Timothy Renner

Posted on

# Functional Python: Fabulous Filter

This post is the second in a series on the functional side of Python. I've been told in code reviews that my Python looks like Clojure, which I naturally took as a complement even if it wasn't. So I decided to write a series of posts here detailing how I write functional Python (where appropriate), bit by bit.

In the last post I wrote on this topic, I discussed `map`. `map` is one of two built-in higher order functions in Python. There used to be a third, `reduce`, but that was since moved into the standard library, and I think that's super weird. I'll explain why when I do a post on `reduce`. For today, I'll focus on `filter`. This'll be short, because filter's pretty simple.

## The Basics

`filter` is a higher order function that takes two arguments: a function that returns a boolean and a sequence to apply it to. It produces a generator that removes elements of the sequence that are False (or false-ish, like `[]` and `None`).

The classic example is the even/odd filter.

``````def even(n):
return n%2 == 0

x = [1, 2, 3, 4, 5]
y = filter(even, x)
print(list(y))
>>> [2, 4]
``````

Pretty simple.

## When `filter` is not the Right Choice

Similar to `map`, we can mimic `filter`'s functionality with a comprehension.

``````z = [n for n in x if even(n)]

print(z)
>>> [2, 4]
``````

In general, the same rules that applied to `map` apply here too. If you're operating on a finite, already-in-memory sequence then a comprehension is more readable. If you've got an infinite sequence and need a generator, `filter`'s a good choice. Although you can use a comprehension to create a generator for infinite sequences, it's not as common. If you need to compose the filter with others, the `filter` function is definitely the way to go. I'll cover composition in great detail in another post.

## Stream Processing

One of the goals of me writing these posts is to show examples of these patterns with real-world projects. This example is adapted from a script in my Profanity Power Index project, which streams data from Twitter's Streaming API for tweets containing profanity associated with some number of targets. It sends the filtered tweets to Elasticsearch for storage and visualization.

In my last post I showed how we used `map` to convert tweets into documents that Elasticsearch can load. Now I'll show how I used `filter` to remove the tweets that only contained clean language.

This is the function we're going to filter.

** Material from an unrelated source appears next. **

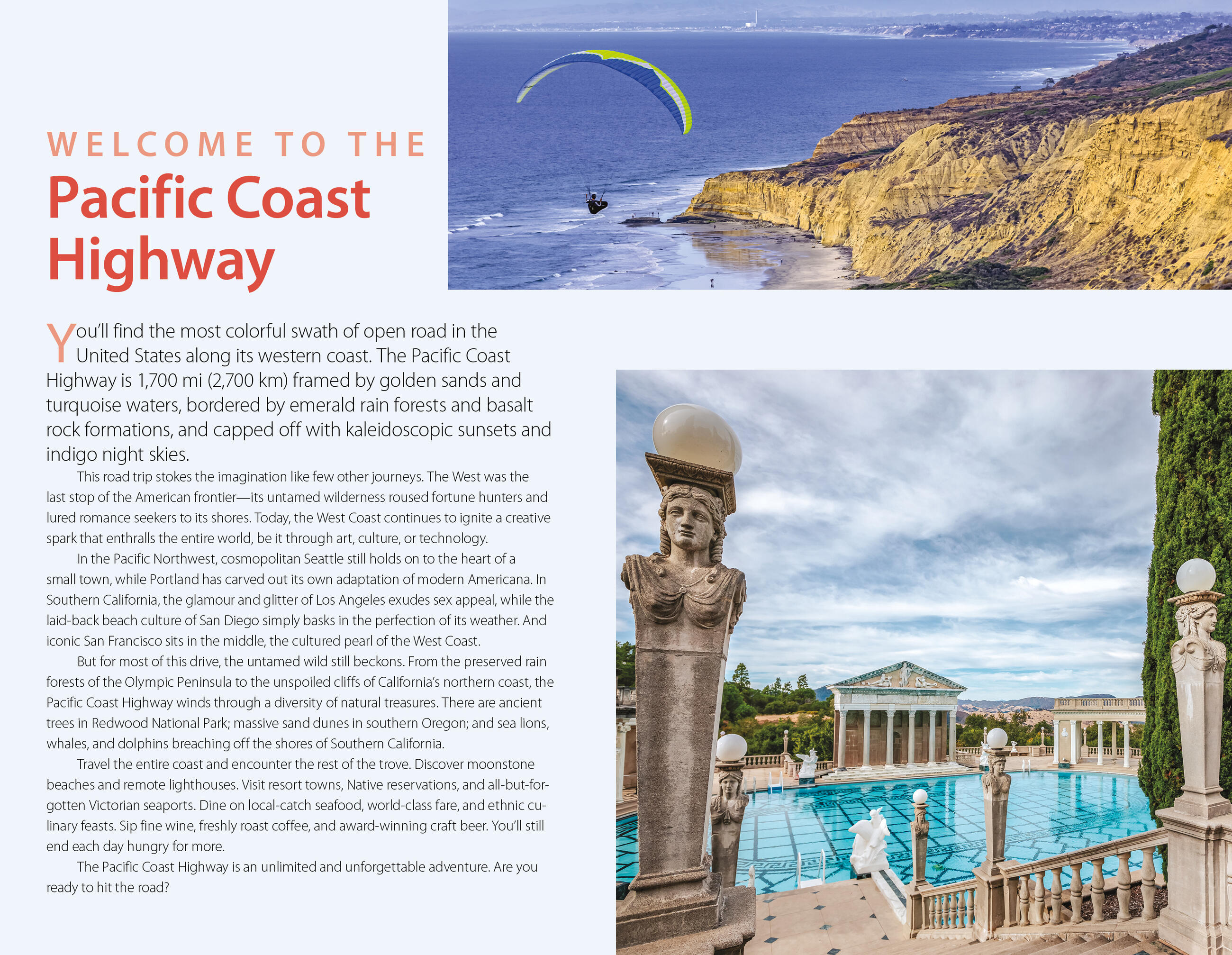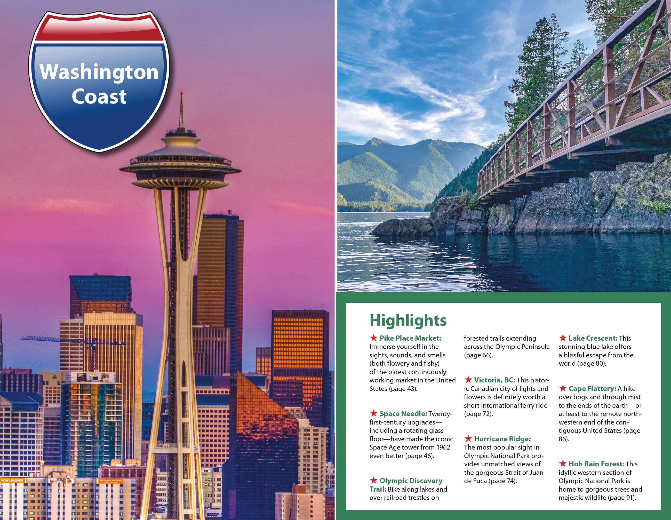 • Flexible itineraries: Drive the entire three-week route or follow suggestions for shorter regional getaways in Washington, Oregon, and California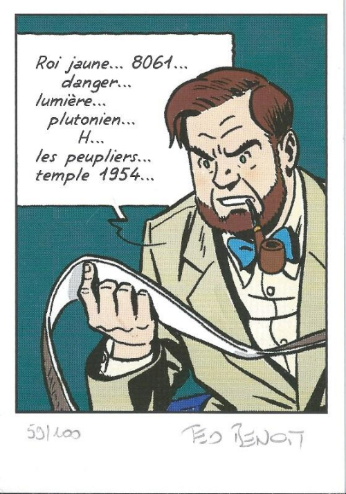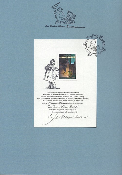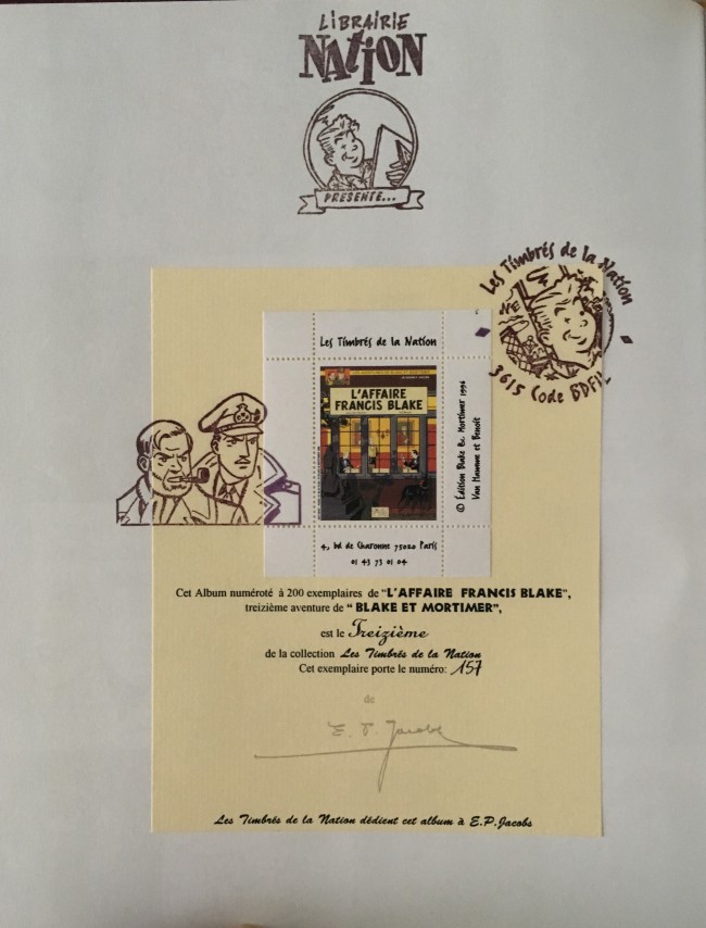 Commentaire : A noter que ce Timbré de la nation n'est pas signé par les auteurs Ted Benoit et Jean Van Hamme, mais une réplique de la signature de E.P Jacobs est apposée

``````def contains_profanity(tweet):
# _extract_text is just a helper function that pulls the text
# out of the tweet, including any quoted retweets.
tweet_text = _extract_text(tweet).lower()

# PROFANITY is a list of profane words.
# It was nice to put the swear words in the code itself and not
# just the commit messages.
for profanity in PROFANITY:
if profanity in tweet_text:
return True

# If we made it this far, it's a clean tweet and we don't want
# those.
return False
``````

The script (abbreviated) looks something like this:

``````# track is the list of targets.
# api is an authenticated Twitter API client.
tweet_stream = api.GetStreamFilter(track=track)

# Filter to the tweets we want.
profane_tweet_stream = filter(contains_profanity, tweet_stream)

# Apply the map function to create Elasticsearch documents.
bulk_action_stream = map(tweet_to_bulk, tweet_stream)

for ok, resp in streaming_bulk(client, bulk_action_stream):
if not ok:
print(resp)
``````

See how we were able to daisy-chain `filter` and `map` together without materializing more than one record into memory at a time? We can build incredibly robust, memory-efficient pipelines by chaining generators together.

## What's Next

I showed that `filter` is a lot like `map` - it can be replicated with comprehensions or even with loops. But the more complex the pipeline gets, the more complicated that loop gets:

``````for tweet in stream:
if contains_profanity(tweet):
tweet_doc = tweet_to_bulk(tweet)
# ... send it to Elasticsearch.
``````

If I wanted to add to this pipeline using the loop, I have to make the choice to either add indentation or use `if`/`continue` to short circuit the processing. Using `map` and `filter`, I just add another expression.